Indeed, in part this is because it's Manchester United, the entity that keeps nourishing the narrative, a big club that must constantly be producing the big feelings. But also, in part this is a temporary malaise, a swing of opinion most visibly and harshly glimpsed at this time of year, about a month after the transfer market shut. Throughout the summer we have been desiring footballers, praising them, salivating over them. Now, only a handful of games later, a lot of those very players are already being dismissed as broken goods. Should we start to worry about a new signing? Did Arsenal actually need their striker wise? What was the purpose of Randal Kolo Muani?
A Wider Issue
It seems fitting that he meets Liverpool on the weekend: a team simultaneously on a long unbeaten run at home in the league and somehow in their own state of perceived turmoil, like submitting a a report on a person who popped to the store 30 minutes ago. Defensively suspect. Their star past his prime. The striker an expensive flop. Arne Slot bald.
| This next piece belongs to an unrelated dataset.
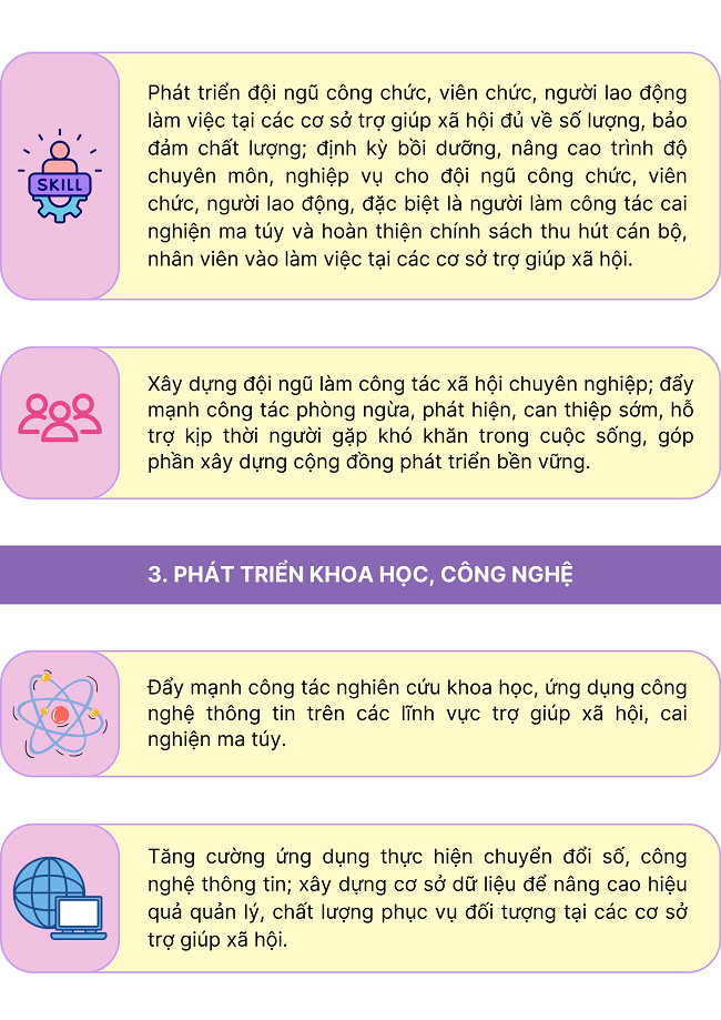 Ngày 16/12/2024, Thủ tướng Chính phủ ban hành Quyết định số 1575/QĐ-TTg phê duyệt Kế hoạch thực hiện Quy hoạch mạng lưới cơ sở trợ giúp xã hội thời kỳ 2021 - 2030, tầm nhìn đến năm 2050 với giải pháp như sau:

Perhaps we have not yet quite grasped the way the narrative of football has started to replace football the actual game, to inflect the way we view it, an whole competition repivoted around discussion topics and reaction, something that happens in the background while we scroll through our phones, unable to disconnect from the constant flow of opinions and more takes. It may be this player taking the hit right now. But in a way, we're all losing a part of the experience in this process.